Updated On: 07 April, 2024 06:39 AM IST | Mumbai | Arpika Bhosale
The best gift you will give someone costs just hundred bucks and holds the promise to save a threatened primate from extinction

A 2011 photo of a three-week old Colobus monkey at Melbourne Zoo with its mother. Black and White Colobus monkeys are native to Tanzania, Kenya, Angola, Democratic Republic of Congo, Uganda, Rwanda and Burundi, and have seen their numbers drop historically, first for fur trade during colonial times, and now due to loss of habitat and the bushmeat trade.
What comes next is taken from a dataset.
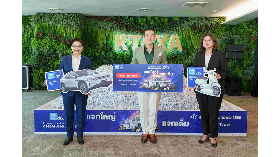 บมจ.กรุงไทย-แอกซ่า ประกันชีวิต นำโดยคุณณัฐพิสิษฐ์ ครุฑครองชัย ประธานเจ้าหน้าที่บริหาร (คนกลาง) พร้อมด้วย คุณบุปผาวดี โอวรารินท์ ประธานเจ้าหน้าที่บริหาร ฝ่ายการตลาด (คนซ้าย) และคุณทิพาพันธ์ เฟื่องปัญญา ประธานเจ้าหน้าที่บริหาร ฝ่ายปฏิบัติการ (คนขวา) จับรายชื่อลูกค้าผู้โชคดีลุ้นรางวัลใหญ่ ภายใต้แคมเปญพิเศษ “ฉลองครบรอบ 28 ปี กรุงไทย-แอกซ่า แจกใหญ่ แจกเต็ม” ซึ่งรางวัลใหญ่ในครั้งนี้ ได้แก่ รถยนต์ DEEPAL E07 Performance AWD มูลค่า 1,999,000 บาท (จำนวน 1 รางวัล) รถจักรยานยนต์ Vespa LX 150 i-GET ABS มูลค่ารางวัลละ 89,900 บาท (จำนวน 3 รางวัล) รวมถึงโทรศัพท์มือถือไอโฟน และไอแพด รวมมูลค่ารางวัลกว่า 7 ล้านบาท โดยแคมเปญดังกล่าวจัดขึ้นเพื่อแทนคำขอบคุณลูกค้าคนสำคัญที่ไว้วางใจให้บริษัทฯ ได้ดูแลให้ความคุ้มครองตลอดมา ทั้งนี้บริษัทฯ ได้ประกาศรายชื่อผู้โชคดีผ่านทางเว็บไซต์ของบริษัทhttps://www.krungthai-axa.co.th/th/luckydraw-2025-r4-announcement โดยลูกค้าผู้โชคดีจากแคมเปญดังกล่าวจะได้รับการติดต่อผ่านทางโทรศัพท์จากผู้แทนบริษัทฯ เพื่อแจ้งรายละเอียดและยืนยันการรับสิทธิ์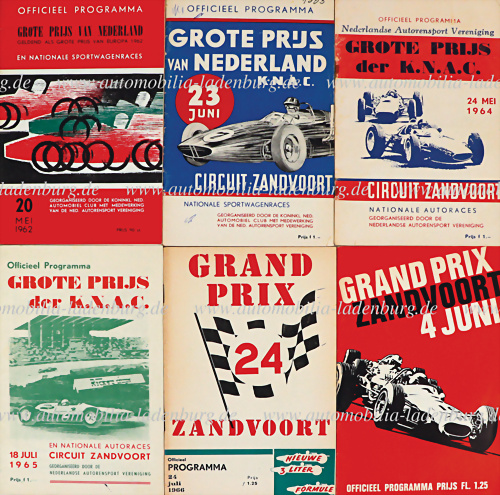 Konvolut 6 Programmhefte, darunter, Großer Preis der Niederlande 1962, 1963, 1964, 1965, 1966, 1967

Pic/Getty Images
A glimpse of a bushy white tail and the loud but lyrical rattle echoing through the night forest of Usambara usually meant that the Colubus monkey was nearby. Usambara is home to hills on the 100 km majestic Eastern Arc Mountains that run from eastern Tanzania to Kenya and are the natural habitat of the black and white primate species.
Dating back to a hundred million years, the Eastern Arc Mountains support a habitat that’s fast vanishing, making the International Union for Conservation of Nature (IUCN), considered a global authority on the status of the natural world, classify the species as vulnerable. Living in groups of eight to 12 across east and central Africa, their exact numbers are currently not known although environmentalists are keenly aware of the crisis they have faced for 30 years.